I read the same meditation books over and over.  I think I may be on the third year of reading the two I'm on now.  I was thinking about changing them out, or at least one of them out on January 1, but I read something this morning that has changed my mind.  It's a weird thing that happens - and I hear this from other people in the program all the time - when I read the same thing over and over:  I find stuff that seems to have just been put in the book.  I couldn't possibly have read it before.  But I must have.  Since I saw something brand new this morning, I may just stay with these two books for another year.

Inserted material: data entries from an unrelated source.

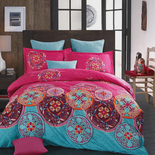 The Bohemian Mandala Floral Bedding Set transforms your bedroom with its eye-catching ethnic design, blending comfort and style. Its lightweight polyester fabric ensures year-round coziness, while the vibrant mandala print adds a touch of cultural flair. Perfect for boho enthusiasts, this set enhances any bedroom with its durability and easy-care properties, making it a valuable addition for restful nights and chic decor.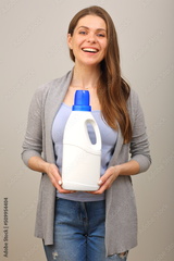 Woman in casual clothes blue shirt and jeans holding laundry detergent in white big bottle.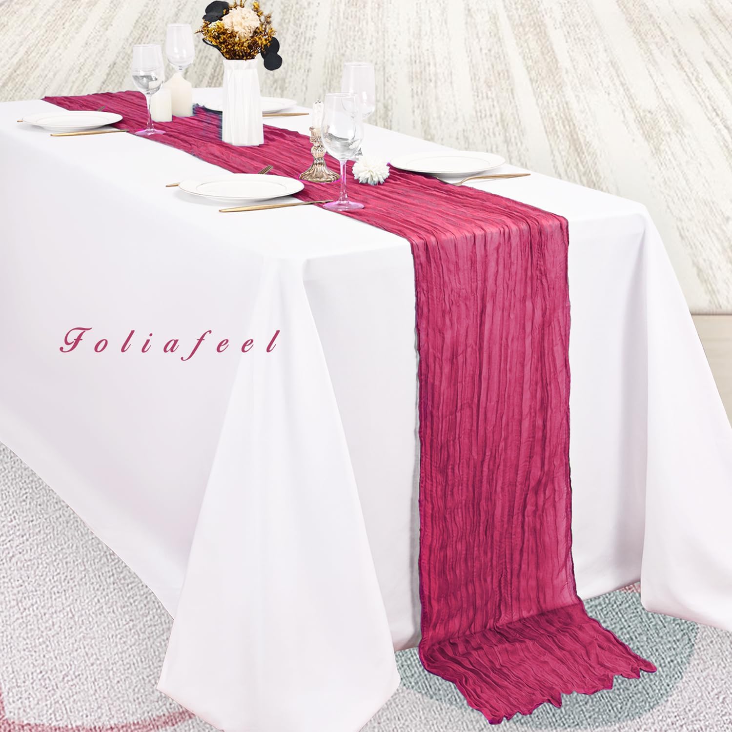 - Elegant Design: This cheese cloth runner is a perfect decorative element for dining tables and parties. Its pleated design makes it very elegant and romantic, flowing naturally on the table like water, making the dining table for weddings and parties look very beautiful. It can be paired with flowers and candlesticks, or tied with a bow to create various romantic feelings.

The gist of it was that many of us have a hard time "sitting still" for recovery because our lives have been full of "fight or flight."  Those are the two things we know how to do and neither one of them helps in recovery at all.  It's hard to get in a fight in the program - although it is definitely possible.  Mostly, though, people are working hard to learn NOT to fight.  Depending on how far their recovery has come, they might just smile at you and hug you and tell you to keep coming back if you try to start a fight.  Certainly people run away from the program all the time.  There's a saying, "If you don't like the program, we will cheerfully refund your misery."  So, people leave - running from truth, hard work, self-examination, ego-puncturing, etc.  Lots and lots of us come back when we have hurt bad enough.

That "sitting still" explanation is very helpful to me.  I've certainly been in that "flight or flight" mode for most of my life, and it still is hard for me to sit still.   The people I work with have big trouble sitting still and working out solutions to problems.  I'm thinking that they might be like me and just very used to either fighting or running.  But problem solving requires sitting still and thinking and taking responsibility instead of running away or picking a fight -both of which make the cause of the problem other people!